The set-ups for jokes is another bump in the road for me. And this is really a personal preference. But as someone who has studied, written, and performed comedy for three decades, dang it, I like a good set-up for a joke. And that comes from the school of hard knocks for me. One of my first attempts at writing a TV script (a spec script where you write an episode of an already established show) I gave it to one of the experienced/seasoned writers on the sitcom where I was working as a receptionist. She came back and said I had a weird quirk. One she’d never seen before. I had great payoffs for the jokes. The jokes themselves were funny. But my set-ups for the joke were flat! Usually it’s the other way around where the set-up gets you excited and then the payoff, the joke itself, is bad. So I had to learn how to do good set-ups. And in OTR comedies, their set-ups often are very contrived. Example: When dialogue doesn’t sound like something anyone would actually say, but they have to say it that way for the joke. I really hate dialogue that doesn’t sound like someone would ever say it in real life, especially when it’s just for a laugh.

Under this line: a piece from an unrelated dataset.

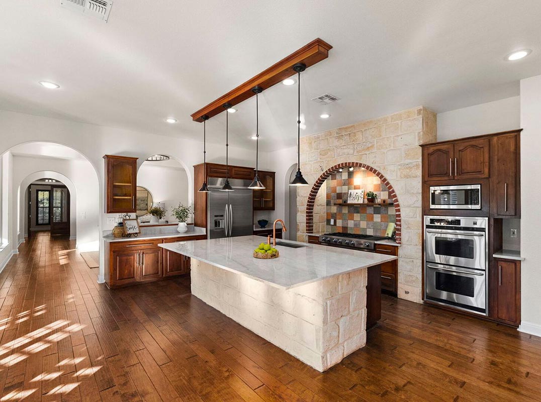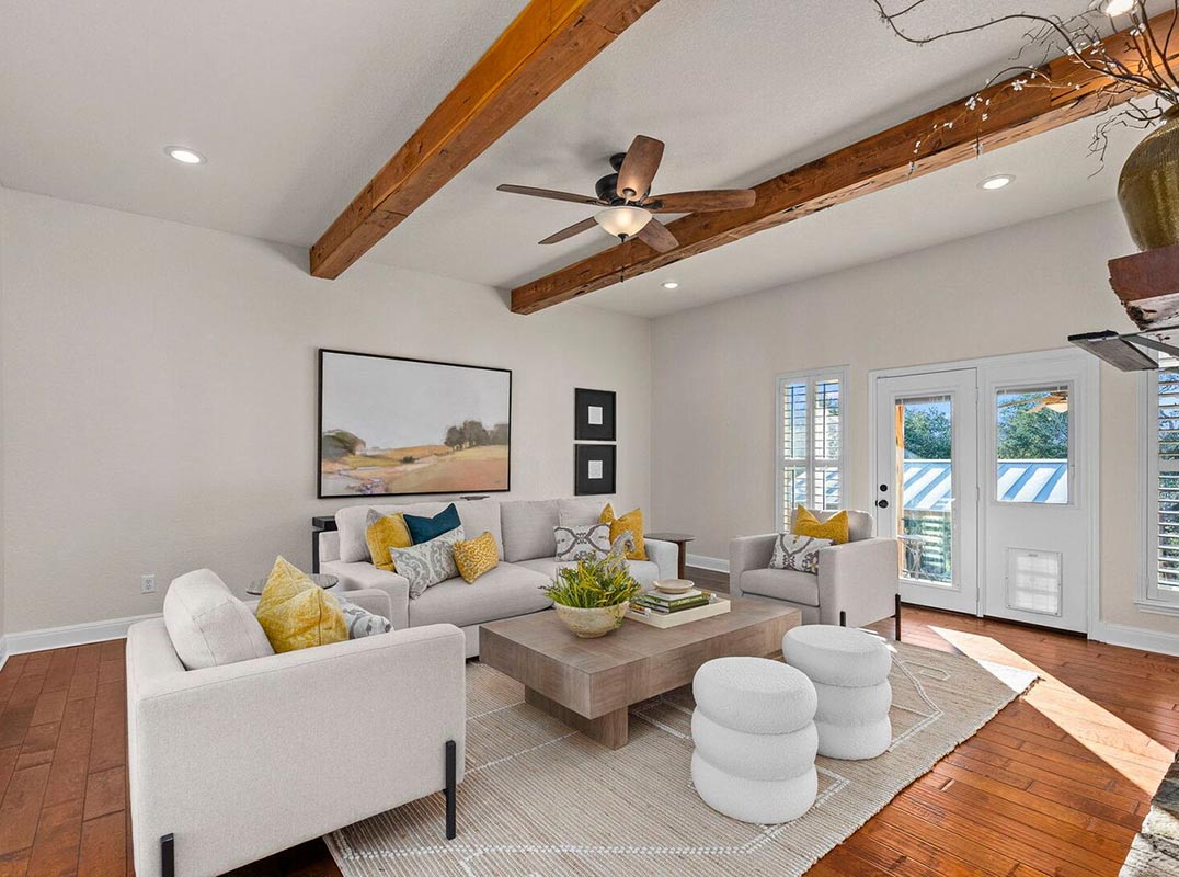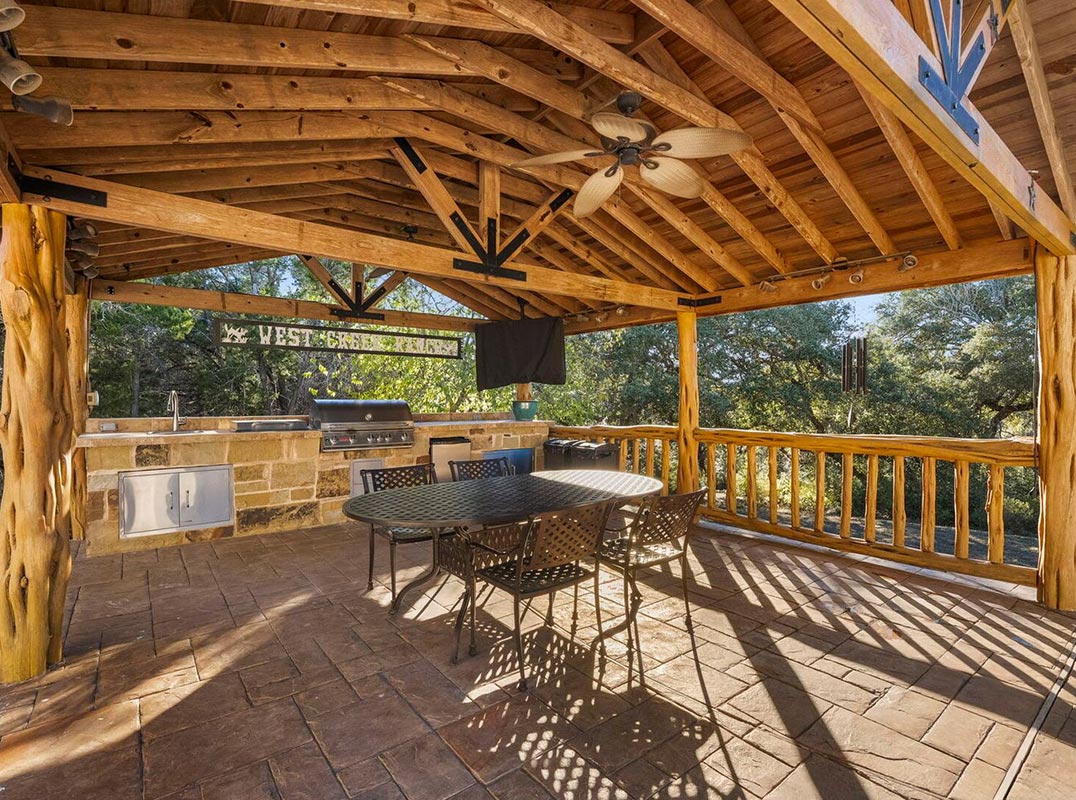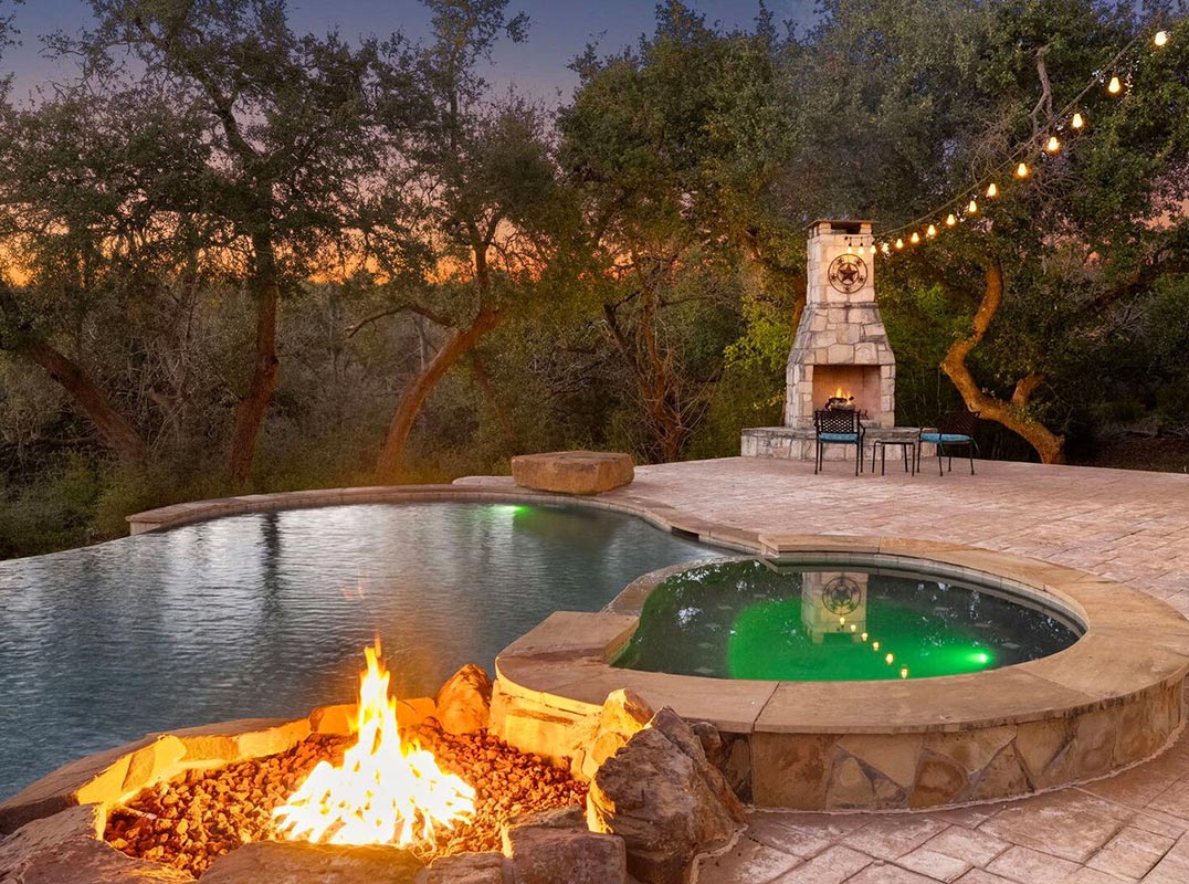 LUXURY, LAND AND LONGHORNS await you at this rare 15-acre Texas estate conveniently positioned between the quaint German town of New Braunfels, the gateway to the Hill Country town of Spring Branch, and just a short drive to Boerne, San Antonio, and Austin! This exquisite property includes a beautifully updated Tuscan-inspired farmhouse with a versatile floorplan and room for all. Memories with friends and family will be easy to create in this private Hill Country oasis with superb Texas sized living, land, storage and entertaining spaces. The spectacular outdoor oasis includes an infinity edge pool, multiple entertaining spaces accentuated with three fire features, and large covered outdoor kitchen area with all the essentials. Alfresco dining is ensured as the entire patio and pool area is surrounded by a flying insect repellant system with automatic timer. The inviting, 35,000 gallon heated, lagoon-style pool features a beach entry, bubblers, submerged bar seating, eight-foot diving end, fitness swim jets, infinity edge and adjoining extra deep spa with cascading water. The beautiful, curved staircase joins the upper and lower patio areas for ease of entertaining or enjoy the night sky as you stargaze from your second story terrace. The property has three distinct areas and is fenced and cross-fenced and ready for your livestock, or simply enjoy the herd of majestic longhorns that roam the neighborhood. The rear native portion offers a peaceful retreat with a seasonal creek and a historic stone wall originally built by German settlers to the area. The private well accesses the Edwards Aquifer Recharge Zone directly and has easily met this property's water needs. The 1250 square foot shop/barn set away from the home, showcases dual rolling overhead doors, epoxy flooring, and halogen lighting to easily accommodate your toys and equipment. Come tour this stunning property to truly appreciate all that it offers.

And then there’s pop culture references. You may have noticed, I love making them. But I have no illusions that they don’t date my work. Pop culture jokes create an anchor to a place and time that don’t have a long shelf life. Think right now about COVID jokes. Do you want to hear those anymore? What was relevant in 2020 during the pandemic, now feels dated and old. Now go back 70 years! I think pop culture references are a great way to get audiences to laugh at something they all have collectively experienced. But a lot of those jokes in “Our Miss Brooks” are outdated and do not resonate in modern day. I put up on my social media the joke from the original. Miss Brooks puts on her rain slicker and Mrs. Davis says she looks “like the trademark from a bottle of cod liver oil” and Miss Brooks replies, “Quick, throw a halibut over my shoulder!” WHAT. I hunted that cod liver oil down and there is a fisherman in a rain slicker with a human sized fish over his shoulder. The studio audience went wild. Zero point of reference to modern day. So, like with Jack Benny, I acknowledge that was a joke, but I don’t have the life experience to find it funny.
Obviously the performances in the OTR comedies are done by some of the greats of the era, so there is absolutely a lot to get out of the shows. But I’m still a bigger fan of the dramas, which have aged a bit slower than the old jokes.